Let's take, for example, the ContractEvent
structure. Its definition is a little complicated, so let's break it down:
- An
ExtensionPoint
is a way for the protocol to be extended while maintaining backwards binary compatibility.
It's basically an empty slot into which you can add variations in the future. The SorobanTransactionMeta
structure is a great example of this in action: When the structure was initially added to the protocol, it just contained the details of an invocation (events and a return value). Later, we needed more details about the invocation in the resulting metadata, so SorobanTransactionMetaExt
was injected into the ExtensionPoint
with a V1
variant containing metadata about fees charged as a result of the invocation.
- The
contractID
should be self-explanatory: it's the hash of the contract ID that caused this event. It's a pointer, though, because not all events are related to a specific contract. Some may come from the system, diagnostics, etc.
It should not be surprising that the field is stored as a Hash
: even though at the ecosystem layer we refer to contracts by their "strkey" or string representation (in the form C...

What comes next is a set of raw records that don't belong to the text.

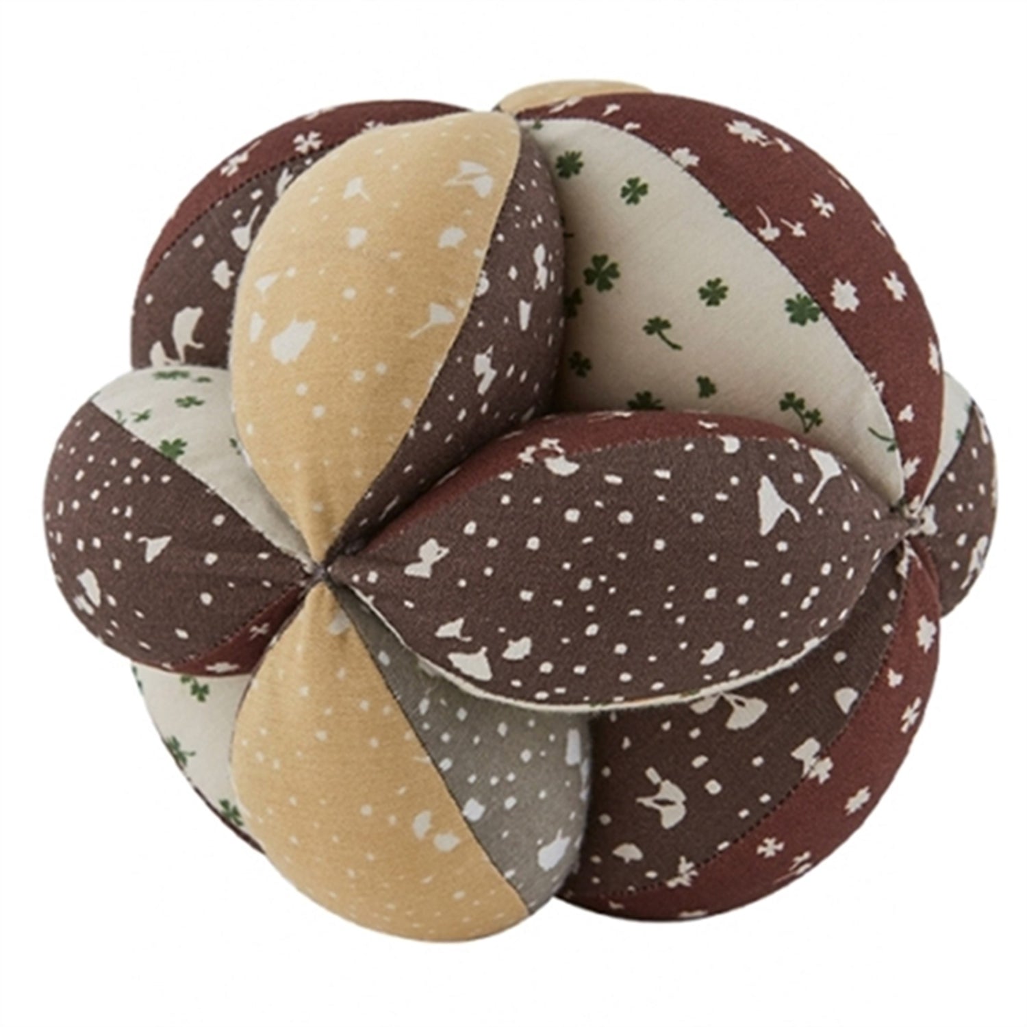 Super fin ball til de minste. Denne i utrolig vakre jordfarger. Ballen har forskjellige trykk på alle sider, og det er en liten bjelle inni. Ballen utvikler barnas sanser samtidig som den er underholdende for de minste.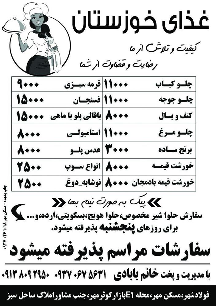 غذای خوزستان. غذای پرسنلی و سفارشات مراسم پذیرفته میشود. کباب کوبیده - کتف و بال - برنج ساده - خورشت قیمه - فسنجان - چلو مرغ - سالاد >> پیک بصورت نیم بها << - سفارات مراسم پذیرفته میشود. - سفارشات حلوا شیر مخصوص، حلوا هویج، بسکویتی، ارده، و ... برای روزهای پنج شنبه پذیرفته میشود.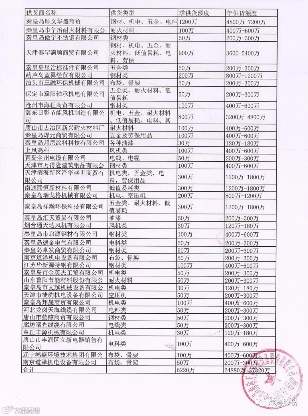 海涛股份公司供应商招标会完美收官!经过评审组的评审,共有40家供应商中标海涛股份公司成为特许供应商,名单如下表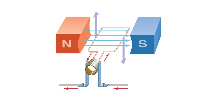 자석 사이에 있는 코일에 전류가 흐를 때 자석과 코일 사이에 작용하는 자기력에 의해 코일이 회전하게 됨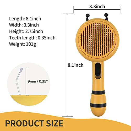 - 【Self Cleaning Hair Brush】Our cat brush for shedding is designed with one-click cleaning button, when you press the button in cat comb, the plastic plate in cat hair brush will pop out, and the floating hair will be separated from the steel needle automatically. You can remove the hair shed by pets from the pet brush easily. And the fur will fall out in one piece to avoid flying all over the air.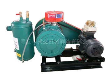 回轉(zhuǎn)式鼓風(fēng)機(jī)結(jié)構(gòu)精巧,鼓風(fēng)機(jī)壓力范圍:0.1-0.5kgf/CM2。主要由下列六部分組成:電機(jī)、空氣過(guò)濾器、鼓風(fēng)機(jī)本機(jī)、空氣室、底座(兼油箱)、滴油嘴。鼓風(fēng)機(jī)靠氣缸內(nèi)偏置的轉(zhuǎn)子偏心運(yùn)轉(zhuǎn),并使轉(zhuǎn)子槽中的葉片之間的容積變化將空氣吸入、壓縮、吐出。在運(yùn)轉(zhuǎn)中利用鼓風(fēng)機(jī)的壓力差自動(dòng)將潤(rùn)滑油送到滴油嘴,滴入氣缸內(nèi)以減少摩擦及噪聲,同時(shí)可保持汽缸內(nèi)氣體不回流。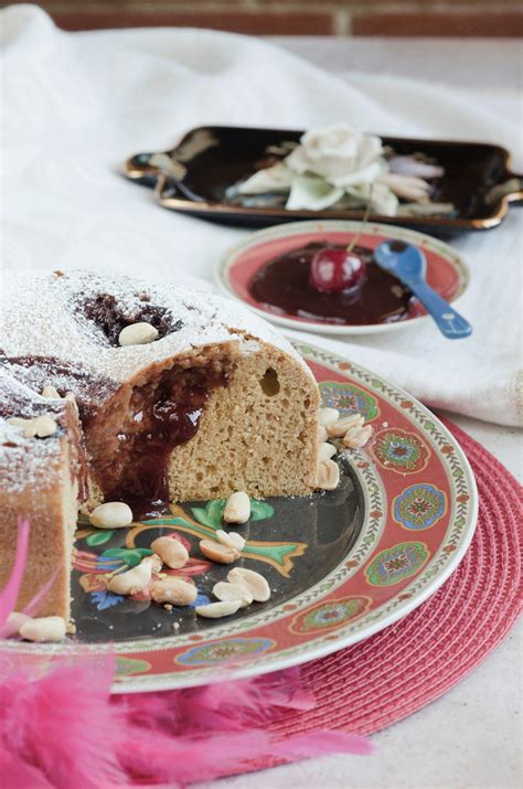 - Quando la torta sarà fredda, tagliarla a metà e farcirla al centro con uno strato di crema al burro d’arachidi e uno strato abbondante di confettura ai lamponi o alle fragole.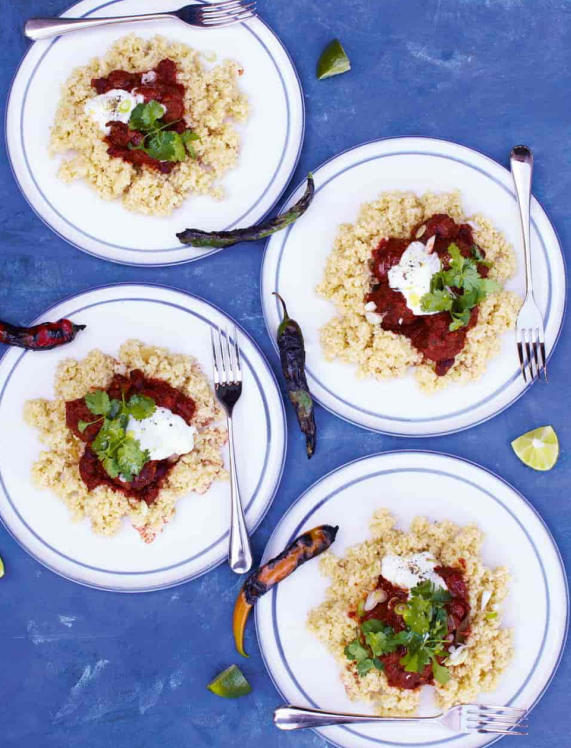- Ratatouille: 1 courgette, 1 small aubergine, 2 mixed-colour peppers, 1 red onion, 1 heaped tsp harissa, 2 anchovy fillets, 2–4 cloves of garlic, 700g passata, 1 tbsp balsamic vinegar, ½ a bunch of fresh basil, 2 tbsp fat-free natural yoghurt.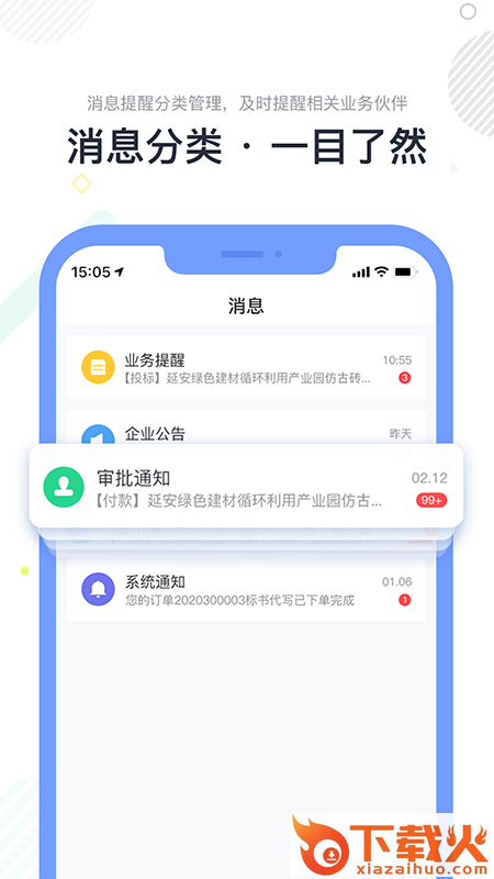消息提醒分类管理,及时提醒相关业务伙伴

), these are actually "friendlier" representations of a raw SHA-256 hash. This is common at the protocol layer: the simplest, most compact representation will always be used. There are generally SDK tools to make translating these into more user-friendly types (as demonstrated in the example below).
-
The
ContractType
is essentially a way to differentiate which of the fields in the structure you should expect to be present and isn't worth elaborating on. -
Finally, we have the curious
v
union field.
You will often see unions in structures and vice-versa. If you have a handle on how each of these is traversed individually, you can handle them interleaved amongst each other. As a demonstration of how this is done with an SDK, even catered specifically to this structure, we can take a look at the source of the humanizeEvents
helper method in the JavaScript SDK. Specifically, we'll look at the details of the extractEvent
subroutine, replicated here for convenience:
function extractEvent(event) {
return {
...(typeof event.contractId === "function" &&
event.contractId() != null && {
contractId: StrKey.encodeContract(event.contractId()),
}),
type: event.type().name,
topics: event
.body()
.value()
.topics()
.map((t) => scValToNative(t)),
data: scValToNative(event.body().value().data()),
};
}
In this short and sweet example we can see tons of the nuances we've discussed in this guide at work:
- By differentiating on whether or not the
contractId
returns a value or not (it's a pointer, remember?), we decide whether or not we want to turn the raw hash into an ecosystem-compatible contract ID. - We access the
.name
field of the event type, which turns it into a human-readable string rather than an opaque structure, just like we discussed in Unions, earlier. - We inspect deeply into the
body
member to extract thetopics
anddata
fields separately, converting each of those opaqueScVal
ues into JavaScript-friendly equivalents.
In the last part, we "abuse" the fact that there is only one variation of the body
union we discussed: there is only the initial version (an arm with v == 0
), so we can use the .value()
accessor to give us the underlying value directly rather than going through the rigamarole of differentiating the different cases. Calling .v0()
would have been equivalent, but the benefit here is that if a v == 1
variation is introduced that also has a topics
array and a data
field (i.e. it adds additional fields rather than changing the v0 structure), this code will continue to work!
There are many cases in which the different union arms share structure, and .value()
lets you take advantage of that.
This overview should give you a strong baseline on understanding how to inspect XDR in your respective SDK to dig into the fields that you're interested in. Specifics will, of course, be language dependent, but if you start at the foundation--that being the raw .x files themselves--you will get an understanding of the structure itself and should be able to access that same structure directly in your language of choice, as we've outlined here.